There isn't one paper, or two, which by itself, makes a case for or against cell-based assays. Nor does the proposition that the whole thing depends on one study or even one review. You've got to consider the body of literature as a whole.

The fact that none of this exists as one neat, convenient paper in the New England Journal of Medicine does not, in any way, negate the existence of this body of information. It has been found that newer methods of "cell-death" assays have an overall predictive accuracy of 98.2% concerning treatment response, which compares favorably with older, previously published data ranging from 75% to 92%. (Staib,P.et al. Br J Haematol 128 (6):783-781, March 2005)

We have tests such as estrogen receptor, progesterone receptor, Her2/neu, BCR-ABL, C-KIT, CD-20, etc., and panels of immunohistochemical stains for subclassifying tumors. All of these tests are used to select chemotherapy in precisely the same manner as cell culture assay tests are used.

Also, we have the use of additional medical tests, such as serial CT, MRI, and PET scans, performed for the purpose of monitoring the size of the tumor to determine if it is shrinking or growing with chemotherapy. The purpose of this testing is to determine if chemotherapy with specific drugs should be continued or changed to different drugs. These radiographic tests are also used as an aid in making clinical decisions about the choice of chemotherapy.
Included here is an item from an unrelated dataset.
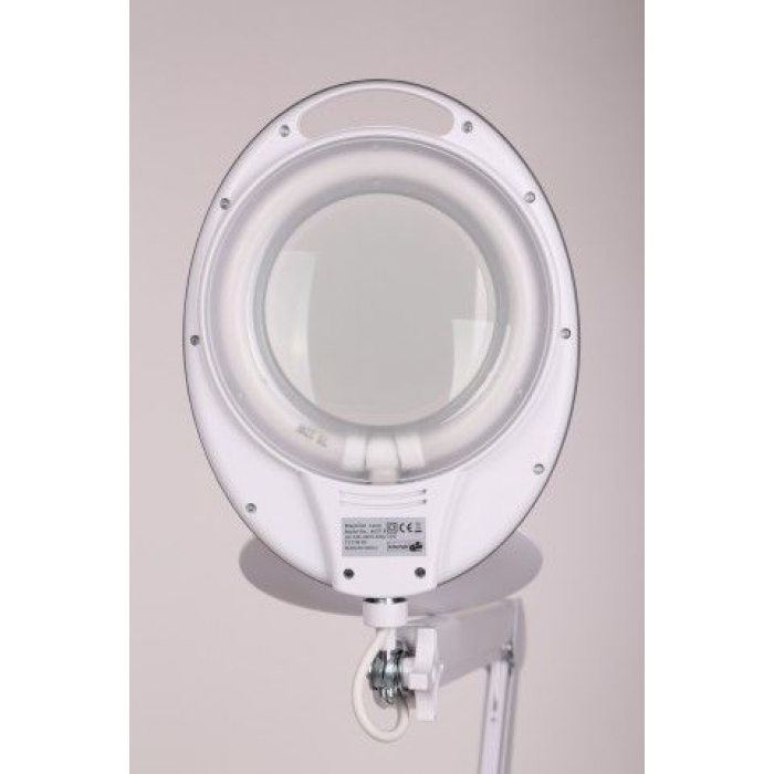 Настольная лампа-лупа Asf комплектуется ручкой для транспортировки, крышкой для защиты линзы от царапин и пыли. Линза изготовлена из стекла, ее диаметр составляет 12,5 см, способна увеличить до 3 диоптрии, представлена в белом цвете, впишется в любой интерьер косметологического кабинета. Лампа подобного типа позволит подробно осмотреть поры кожи клиента салона, небольшие за размером морщины, а также микротрещины кожи. Данная модель жизненно важна при проведении диагностики и выбора способа эффективного лечения определенного заболевания. Лампа-лупа поможет получить необходимый степень увеличения, а также необходимый уровень освещения для проведения определенного вида косметологических процедур, потребляемая мощность всего 22 Вт.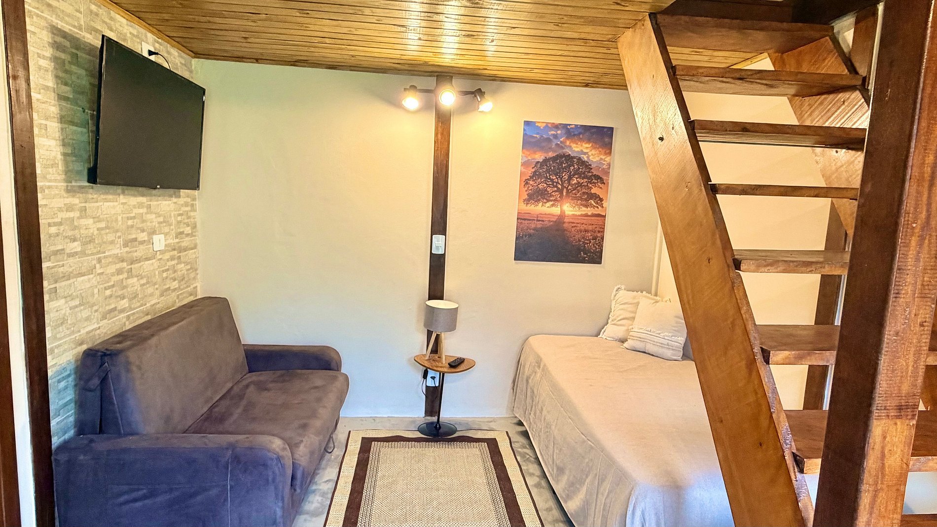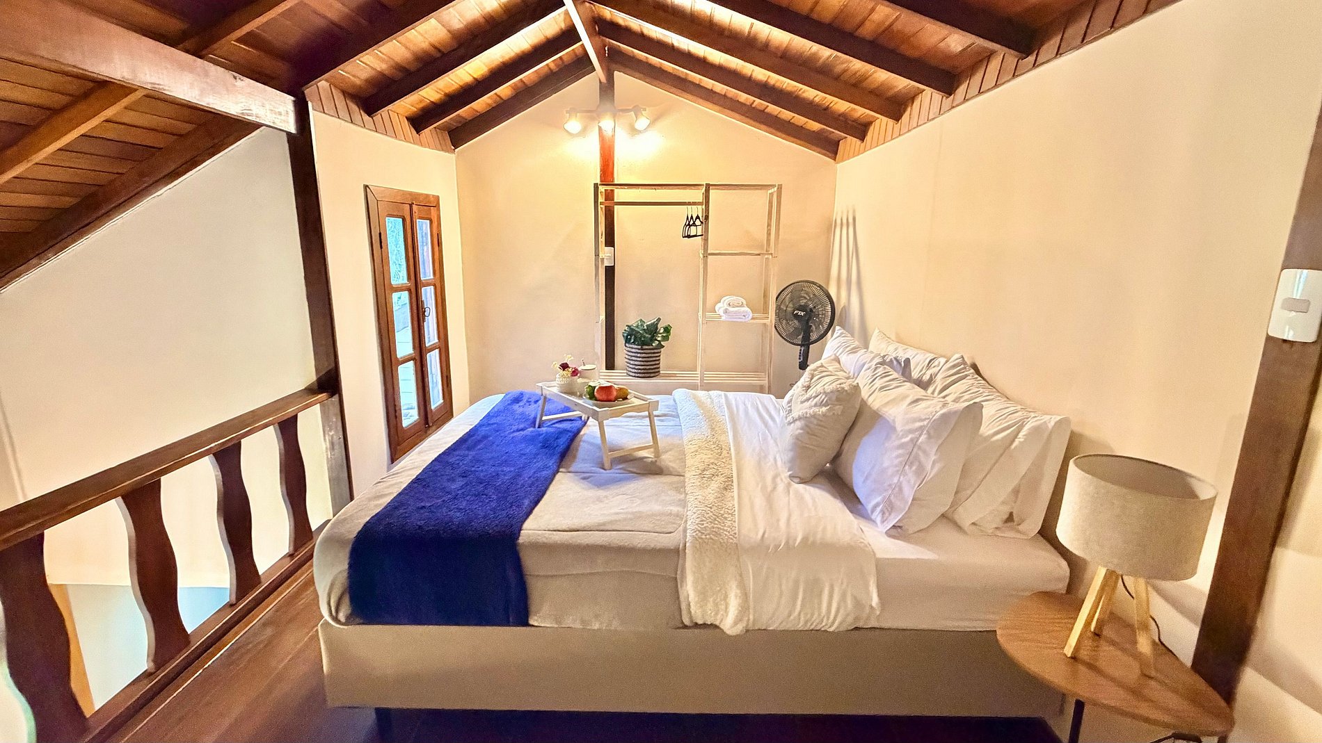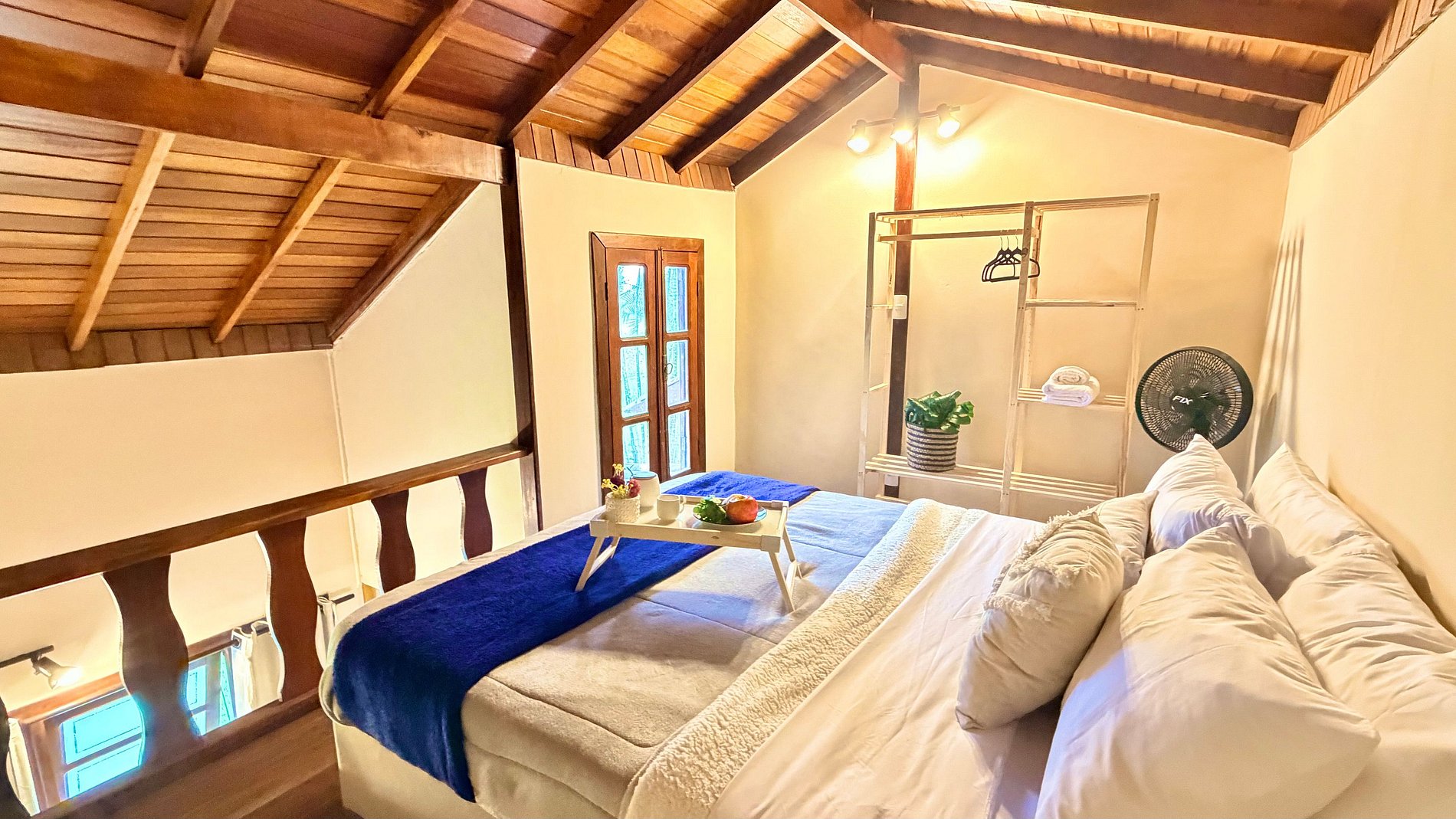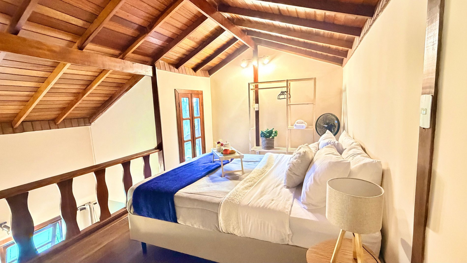 Ambiente Aconchegante: O mezanino conta com uma cama Queen ampla e confortável, garantindo noites de sono tranquilas e

So yes, there is precedent for using cell culture assays.

The June issue of Oncology News International (June 2010, V 19, No 6) quotes a Duke University study of the use of high-tech cancer imaging, with one representative finding being that the average Medicare lung cancer patient receives 11 radiographs, 6 CT scans, a PET scan, and MRI, two echocardiograms, and an ultrasound, all within two years of diagnosis. A study co-author (Dr. Kevan Schulman) asks: "Are all these imaging studies essential? Are they all of value? Is the information really meaningful? What is changing as a result of all this imaging?"

Why is it that oncologists are so accepting of high tech, expensive imaging studies, yet so reluctant to consider the use of cell culture diagnostic tests? For one thing, clinical trials virtually always have time to disease progression as a primary endpoint. Without the imaging studies, one can't get accurate time to progression data. So these are tests performed for the benefit of drug companies seeking new drug approval, for clinical investigators seeking contracts and publications, and for clinicians seeking an easy way to make clinical decisions (and, occasionally, seeking income enhancement).

In the absence of information provided by cell culture testing, oncologists have complete freedom to choose between a myriad of drug regimens. The proven basis on which they make these selections, by and large, is on the benefit a given regimen provides to the oncologist (or academic institution). Cell culture testing threatens this freedom of choice. There's absolutely nothing in it for the oncologist or academic medical center (unlike, for example, imaging studies).